The incidence of AIDS and non-AIDS-defining illnesses was generally high at or after a
diagnosis of wasting syndrome. Factors significantly associated with improved survival included
a CD4+ count of ≥200 cells/µL during the interval of the wasting syndrome diagnosis and
antiretroviral therapy with two or more drugs at or after the diagnosis of wasting syndrome.[726]
HIV LIPODYSTROPHY.-- Persons with HIV infection may develop lipodystrophy
(lipoatrophy) with lipid abnormalities, insulin resistance, and lactic acidosis. Half of HIV-
infected persons receiving antiretroviral therapy (ART) may have one or more features of
lipodystrophy. The term protease inhibitor-associated lipodystrophy (PIAL) has been employed
with a protease inhibitor is part of ART. Despite the abdominal distension, there may be a
normal to decreased body mass index. [269] Lipodystrophy, however, appears to be associated
with multiple ART regimens and not specific drugs.[727]

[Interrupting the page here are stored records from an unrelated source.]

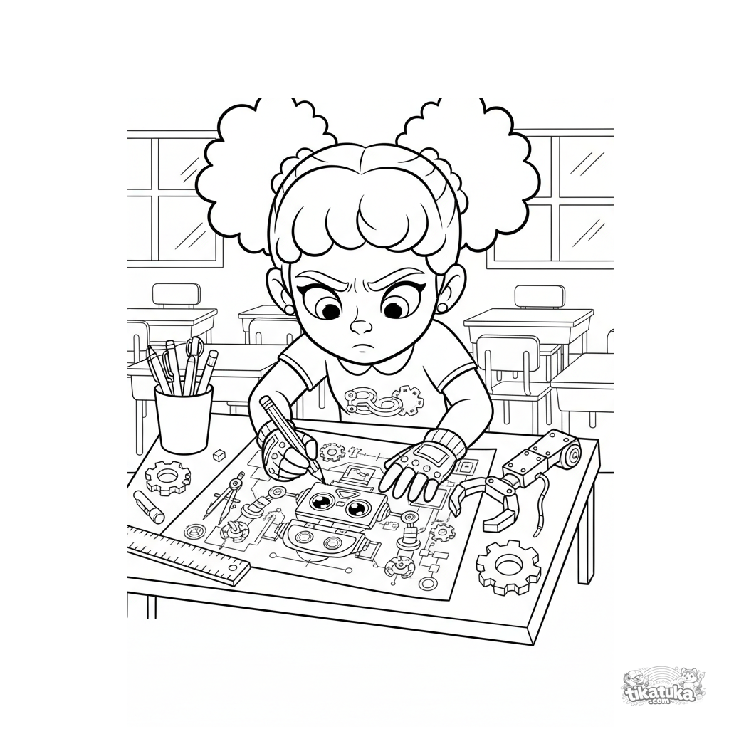 Раскраска для детей 10-12 лет: юный изобретатель в классе создает чертеж робота. Детализированная сцена с инструментами, шестеренками и прототипом.
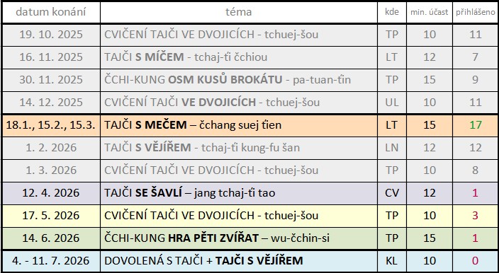 Zde najdete přehlednou tabulku plánovaných nedělních lekcí tajči a čchi-kungu. Můžete si nejen poznamenat do svých diářů, ale také se včas přihlásit.
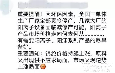 另外提醒:因環(huán)保因素,全國三單體生產(chǎn)廠家全部責令停產(chǎn),幾家大廠的陽離子設備面臨減停產(chǎn)可能,陽離子產(chǎn)品價格走向何去何從……
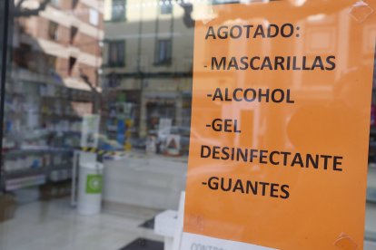 Venta de alcohol en una farmacia de León durante el confinamiento en 2020
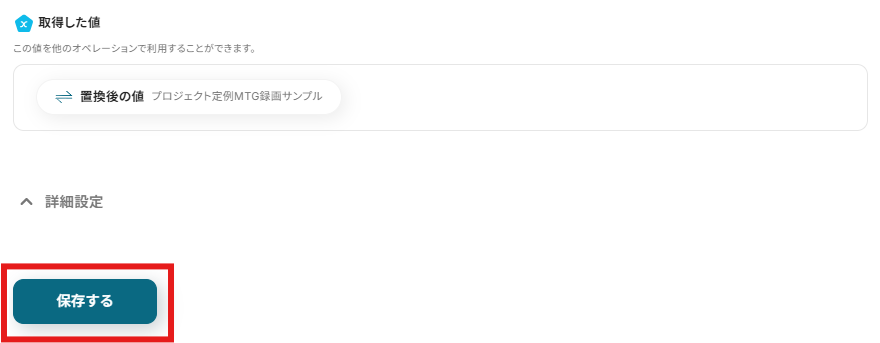 「置換対象」を設定しましょう。「取得した値」を使用できます。

The mechanisms for PIAL are not known, but may be related to a number of factors. The
nucleoside analogues most associated with lipoatrophy are zalcitabine, didanosineand stavudine,
due to toxicity towards mitochondria. The protease inhibitors (PIs) may alter pro-inflammatory
cytokines such as TNF-alpha and IL-6 and lead to increased adipocyte apoptosis, reduced lipid
accumulation in adipocytes, and reduced insulin-stimulated GLUT-4 mediated glucose uptake.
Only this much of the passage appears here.